Посоветовавшись, мы отказались от попыток выбраться из тыла врага. Решили, что потеряем своих людей меньше, а врагу нанесем вреда больше, если будем громить его здесь, нанося внезапные удары. На некоторое время отряд перекрыл дорогу Ризино — Багва, разгромив несколько вражеских колонн. В шести небольших селах и хуторах были уничтожены немецкие гарнизоны и штабы, захвачено множество документов.
Постоянно наблюдая за противником, допрашивая пленных, мы убедились, что немцы готовятся нанести мощный удар по нашему внешнему фронту окружения с целью прорыва к своей группировке войск, оказавшейся в Корсунь-Шевченковском котле. Тогда я и решил направить через фронт группу наиболее отважных бойцов с задачей: доставить разведданные командованию любой из наших частей. К сожалению, судьба этой группы осталась неизвестной.
11 февраля гитлеровцы попытались восемью танковыми дивизиями из района западнее Ризино и Ерки прорвать внешний фронт окружения в направлении Лысянки. Навстречу им нанесли удар войска окруженной группировки. Но соединиться они не смогли...
17 февраля Корсунь-Шевченковская операция была успешно завершена, а 18-го я со своим отрядом с боем прорвался через линию фронта с юга и вышел к Рыжановке, где находился штаб одного из наших соединений.
Со мной долго беседовал высокий, худощавый полковник.
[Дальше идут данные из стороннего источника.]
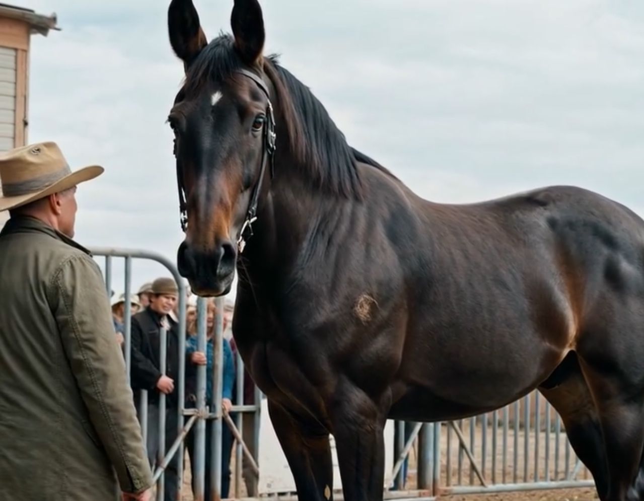 He struck the rail once with the front of his hoof. The entire pen shuddered. The metallic clang rang out across the yard like a bell announcing bad news. Men who had always stood a little too close to fences stepped back without speaking, their boots scuffing the gravel in unconscious retreat.

Крутил в руках мое удостоверение личности, внимательно рассматривал каждую страничку. Глядел то на фотографию, то на меня, сравнивая, похож ли, и все время удивленно хмыкал. Дело в том, что документ был самодельным: еще на букринском плацдарме мне его «оформил» Саша Лебединцев. Конечно, печать и подпись командира были подлинные. Но вот беда: удостоверение оказалось с дыркой — еще одной отметиной того боя у села Босовка: маленький осколок снаряда ударил в грудь, отбил кусочек эмали на ордене Красного Знамени и насквозь прошил документы.
По требованию полковника я написал обстоятельный рапорт о действиях отряда в тылу противника. Затем сдал людей представителю штаба соединения, а сам отправился в медсанбат. Надеялся, что после перевязки возвращусь в свою дивизию. Однако не вышло. Увидев мои раны, медики ужаснулись. И никуда не отпустили, как я ни рвался. На следующий день в сопровождении Александра Флакея отправили в Киев, в госпиталь, располагавшийся на Куреневке.